The importance of reading skills is grossly underestimated, or simply ignored in computer science education. Early computer science courses tend to focus on activities we typically consider constructive (the result is a tangible product). The explicit goal is to have the students producing programs written in a high-level language a quickly as possible. The justification for such behavior is fairly straightforward, student must demonstrate their competence in language constructs, and progam writing provides the opportunity. Hence the focus is language acquisition, and the use of language in solving a variety of problems. Skill at code reading is, at best, an incidental outcome learned during the course of these activities.
It may be difficult to pose a counter argument, since we know all programming books contain source code as examples, and students are expected to "read" these in order to understand an algorithm or data structure. Furthermore, students are expected to learn new languages, and the language constructs are typically provided in code fragment form (what a looping or selection statement works like). Students read code fragments to understand the behavior of a construct. The focus, and hence the student's attention, is on the language construct, not on understanding how such an assembly of statements solves a particular piece of the problem. This instructional regime in combination with the contructive approach mentioned in the previous paragraph leaves program comprehension an accidental outcome of computer science education. Systematic or thoughtful approaches to reading technical material such as this is not explicit in the educational program. Any claim that students learn to read these products is probably exaggerated. As Deimel and Naveda (Deimel90) write, the available evidence suggests that our current neglect of the topic cannot be justified by the argument that adequate program reading skills develop naturally and without special encouragement in students otherwise well prepared to enter professional practice. (p. 6)
The lack of attention to program comprehension is somewhat puzzling. Code reading, program understanding, and program comprehension appear to be essential for the learning of computer science and programming, as well as, the practicalities of the practitioner. Certainly understanding an algorithm requires considerable effort. If the practitioner/student cannot fully comprehend the material presented then they are doomed to invent their own strategy. An agreeably less than optimal situation.
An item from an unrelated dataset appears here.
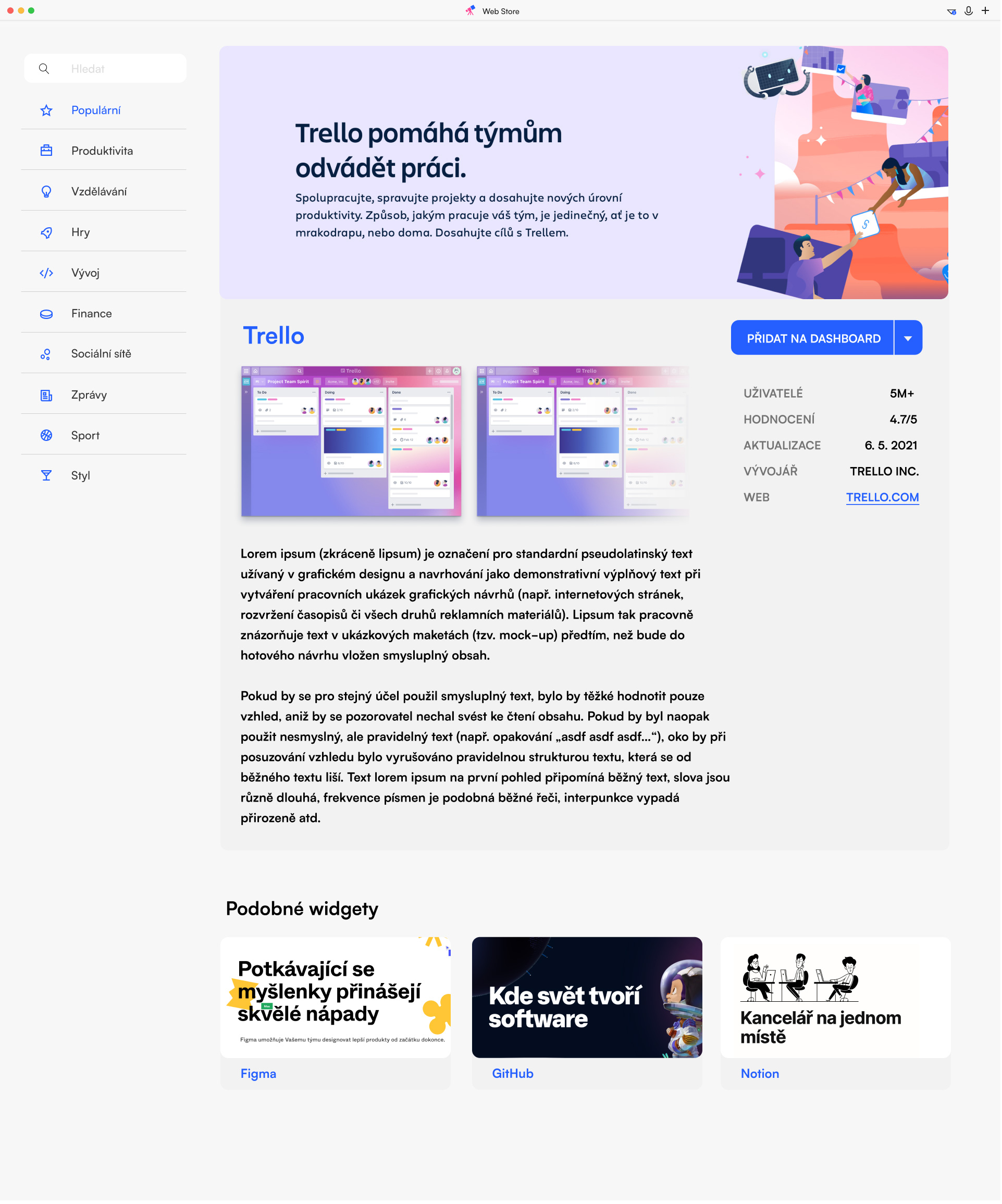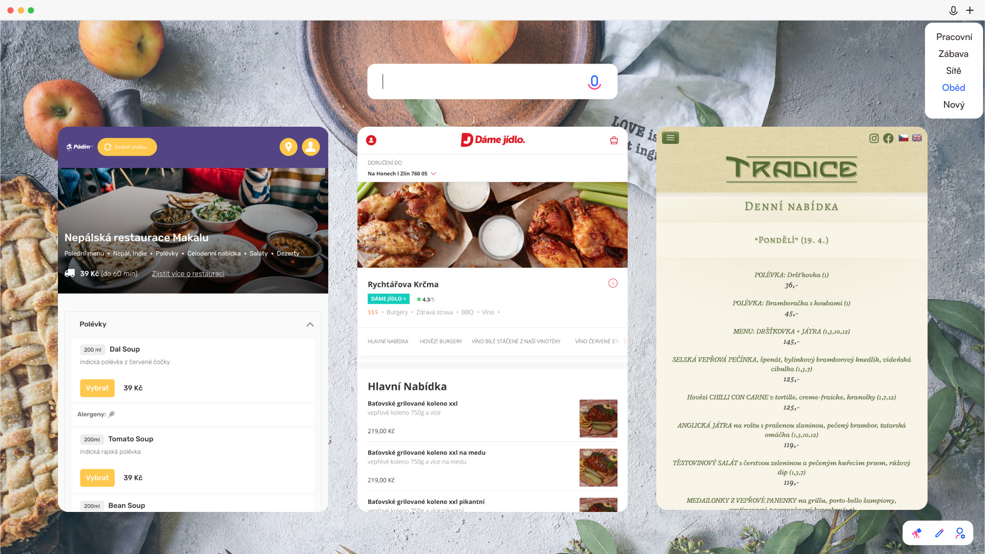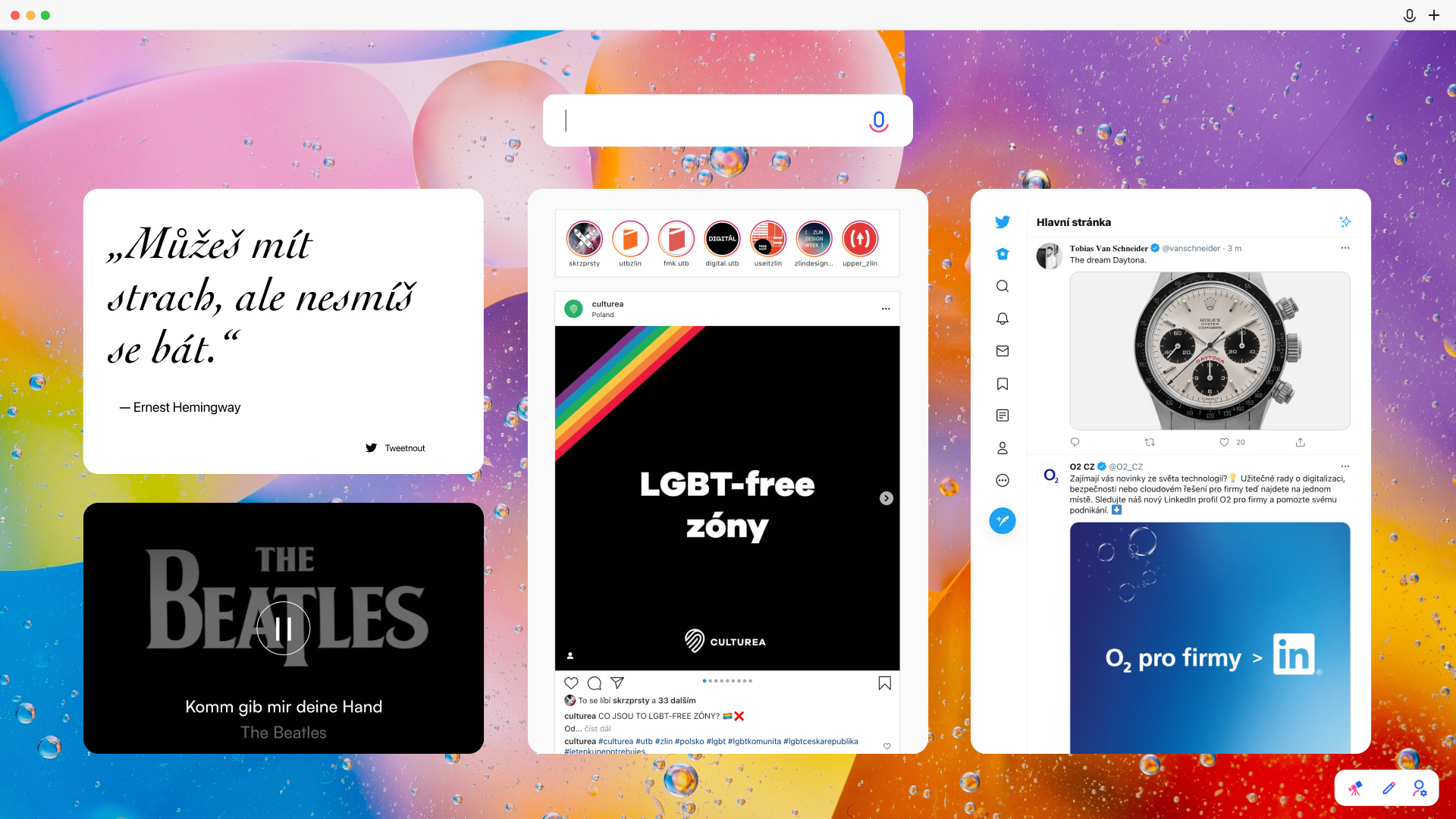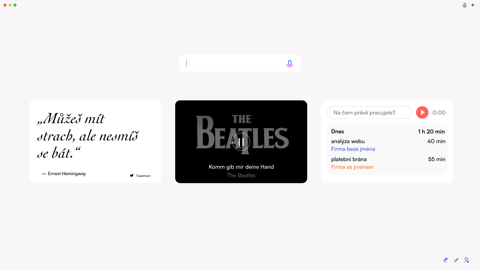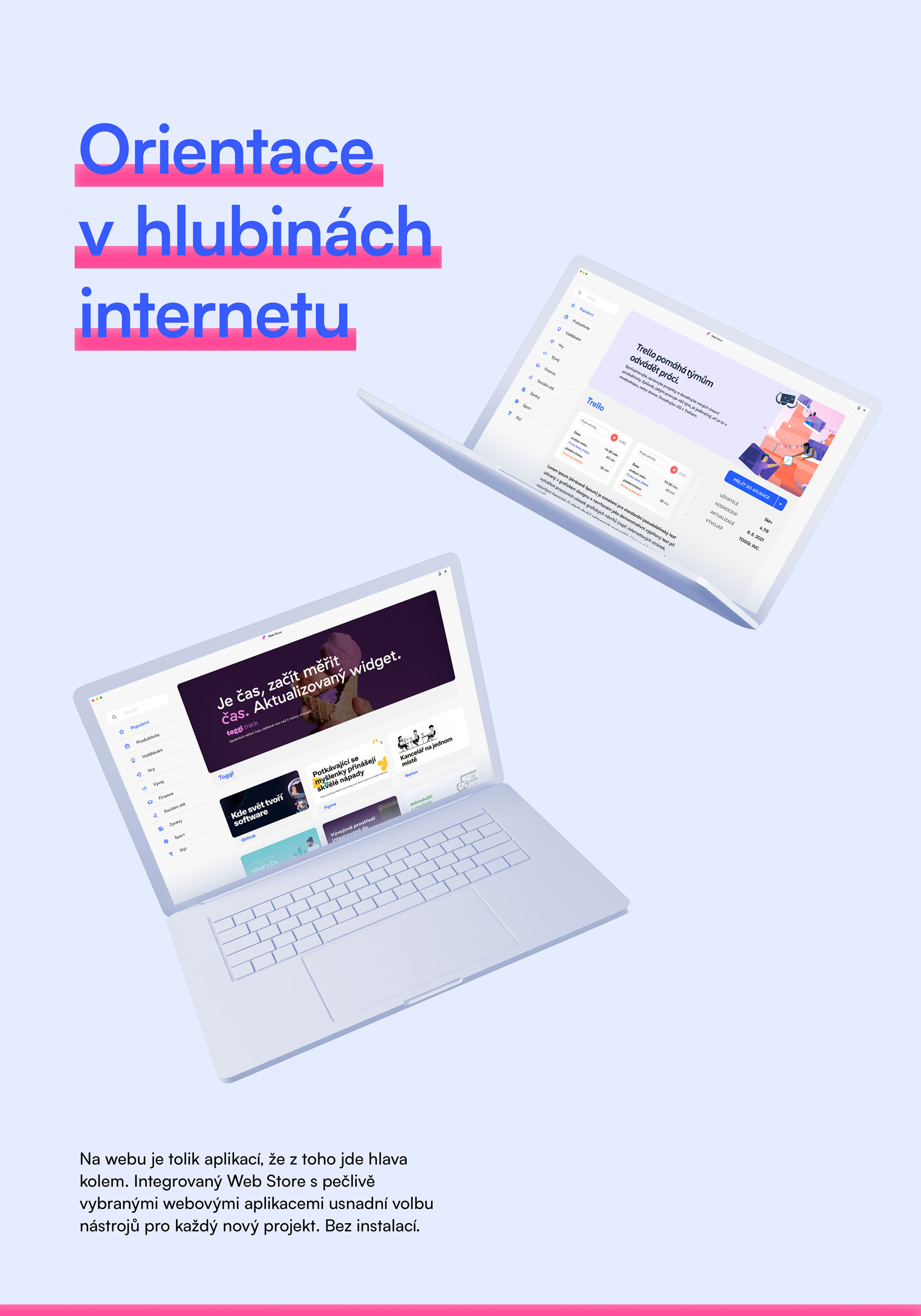 Koncept webového prohlížeče, který nabízí jednoduchý přístup k často používaným aplikacím, doporučí vhodné pracovní nástroje a je ovladatelný hlasem.

The world of software development abounds with opportunities to engage coded passages in an attempt to understand the material, or the intent of the writer. Reading competence is necessary for activities where the reader must gain a sufficient understanding of the artifact to accomplish a task. To accomplish the task the individual must first gain a substantial understanding of the existing program through interacting with the code and program documentation, if it exists. The software maintainer must comprehend a given program sufficiently well to plan, design, and implement modifications (to extend, adapt or correct an artifact, without undue harm to its original integrity or structure). Though there may or may not be adequate supporting documentation, the programmer is bound inextricably to the code to determine how the current program performs its tasks. It would appear from this that ones ability to "make sense" of this legacy artifact is an economic issue for the industry, making it a formidable teaching/training issue for those that encounter the novice practitioner. The problems of program understanding to the maintenance programmer are magnified by unstructured or poorly structured legacy code. These problems are being tackled by researchers in reverse engineering (Müller94, Storey96) who are attempting to build tools to help in the comprehension activity.
Program comprehension is an important activity for other industrial practices too. There are numerous activities during development where the individual is required to take a foreign artifact and gain enough from reading it to accomplish tasks. Reviews, walk-throughs and inspections require individuals not acquainted with particular artifacts to become sufficiently versed in their operations to identify problems and defects, or to simply conduct an intelligent conversation regarding its operation. The reader attempts to understand the product sufficiently to identify defects. Though usually considered an effective mechanism for defect removal, Rifkin and Deimel (Rifkin94) hypothesized that these techniques were sometimes unsuccessful due to the inability of the reviewers to deal with the work product. Interestingly, organizations understand the importance of thorough training in the aspects of inspections, but do not provide any guidance looking for defects or program understanding. What they were able to demonstrate was that reading and understanding is "teachable/learnable" and that training programs to help individuals learn these skills is beneficial in the inspection/review task.
Aside from the importance of comprehension for industrial practice, improvement in code reading should support learning in computer science and software engineering classes. Students are typically given coded examples illustrative of a particular point. The effectiveness of the example is dependent on the ease with which the appropriate information can be extracted by the learner. A learner without strategies may not gain what was expected from the example or may do so only through the expenditure of undue effort. By improving the ability of students to interact with code-based material, instructional practices in these courses may be improved.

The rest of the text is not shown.